Перед моими глазами замаячила удивленно-гневная физиономия Юрия Григорьевича. Он уже обыскал все здание управления и наверняка принялся за другие маршруты и координаты. Если я не приеду через полчаса, он поднимет тревогу. Изучу каталог на рабочем месте. Спокойнее и мне, и начальству!
* * *Потратив последние деньги на маршрутное такси, я благополучно доехала до управления. Во мне проснулось безумное желание выскочить из такси у своего дома, мимо которого я промчалась.
Пробок на дороге почему-то не было, вот такси и неслось, пробуждая во мне подростковые инстинкты.

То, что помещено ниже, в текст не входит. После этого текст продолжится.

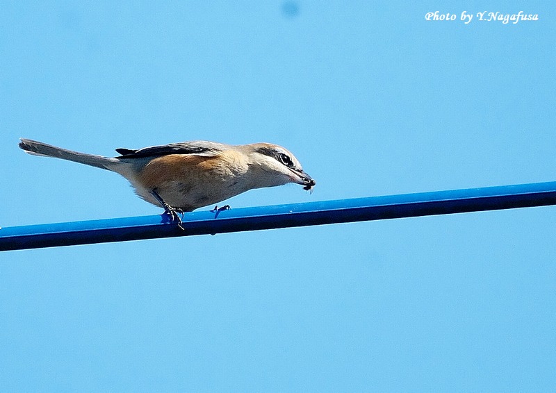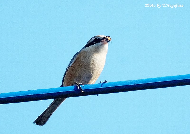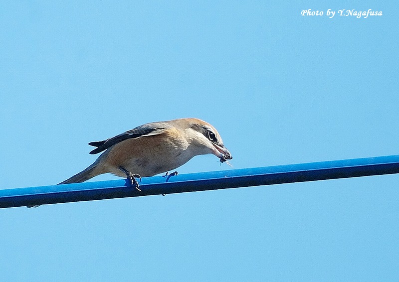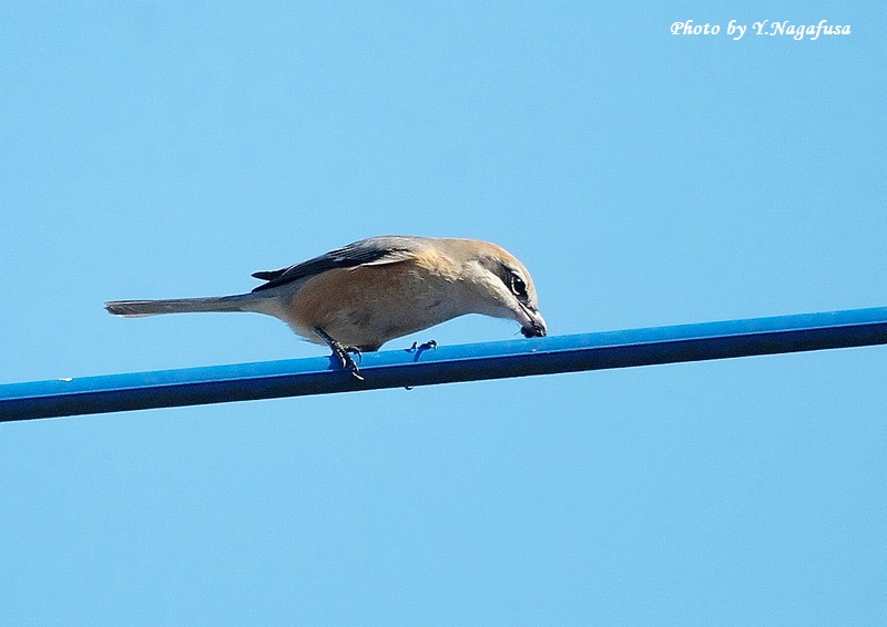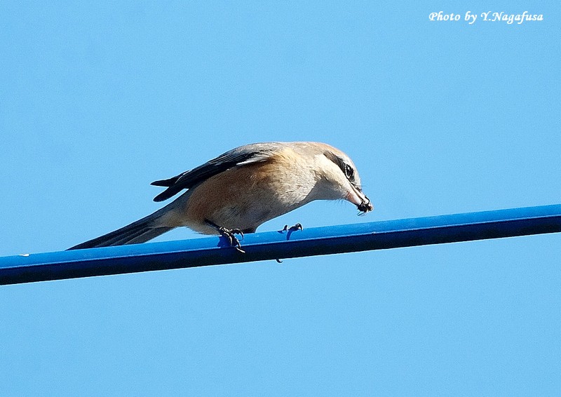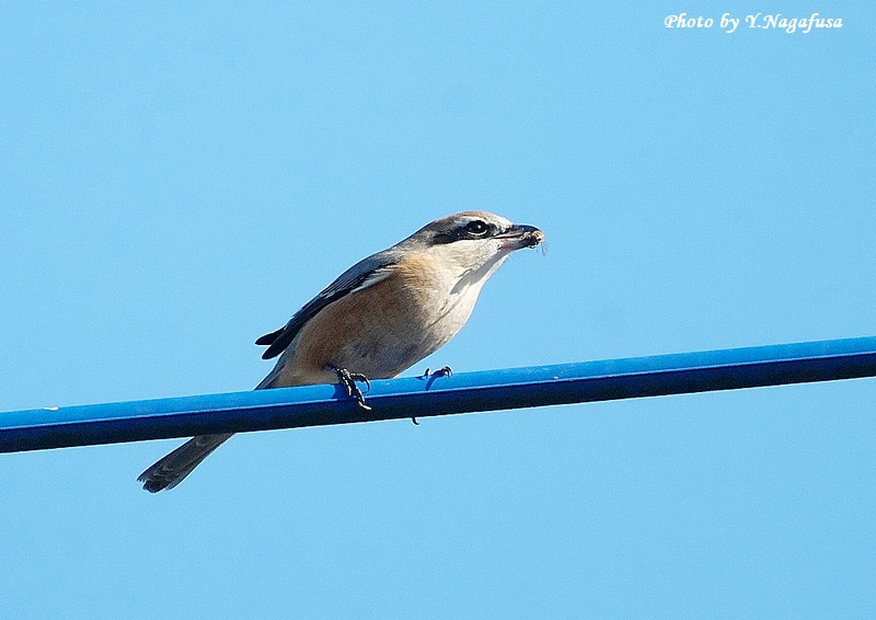 2026年1月8日 モズ♂Ⅱ 採餌 本日もニシオジロビタキを見てきました、まだいました。 2025年12月30日撮影のモズ♂の続きです。 この日、モズ♂が獲物を咥えて電線に来ました。 モズ♂ですmono 物

Всегда мне хочется сбежать, удрать, спрятаться, будто от жизни можно куда-то убежать и где-то спрятаться.
Мимо дома с песнями — я с тоской проводила взглядом удаляющийся от меня старинный дом.
Тихонько прошмыгнув мимо дежурного, я угрем, вспомнив о чернявом юрком администраторе, проскользнула за монитор.

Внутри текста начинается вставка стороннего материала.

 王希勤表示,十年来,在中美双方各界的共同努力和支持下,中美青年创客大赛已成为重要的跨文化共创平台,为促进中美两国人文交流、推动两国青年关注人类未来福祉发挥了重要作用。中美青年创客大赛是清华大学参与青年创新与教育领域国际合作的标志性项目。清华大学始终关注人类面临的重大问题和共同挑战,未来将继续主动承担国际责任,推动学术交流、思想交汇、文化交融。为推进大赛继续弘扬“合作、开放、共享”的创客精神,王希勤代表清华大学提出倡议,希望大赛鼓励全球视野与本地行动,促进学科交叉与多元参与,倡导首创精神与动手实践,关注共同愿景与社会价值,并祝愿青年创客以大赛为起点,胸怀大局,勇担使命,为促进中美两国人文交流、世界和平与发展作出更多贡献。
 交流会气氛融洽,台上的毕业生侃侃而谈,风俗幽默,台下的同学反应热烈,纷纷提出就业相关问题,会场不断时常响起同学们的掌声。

Будто целый век здесь кукую, как одинокая кукушка.
Где же Юрий Григорьевич? Стол начальника желтел пустым полем, вообще-то он никогда не оставлял документы на столе, с лейтенантских лет памятуя о режиме секретности.
Все в сейфе, все под замком, под гербовой печатью.
Карта уныло завывала и моргала красноватой лампочкой, совсем как в Новый год. А это вовсе и не Новый год, это означает, что в городе кого-то грохнули, завалили, замочили, то есть убили, насильственно лишив человека жизни.
«Что такое бриллианты? Туфта, пыль и прах, а самое ценное у человека — это его жизнь», — думала я, подходя к карте и с трудом дотягиваясь до кнопки.
Если кнопку вовремя отключить, карта выть перестанет, а если упустить время, лампочка заморгает на неделю, чередуя подмигиванье с элементами завыванья.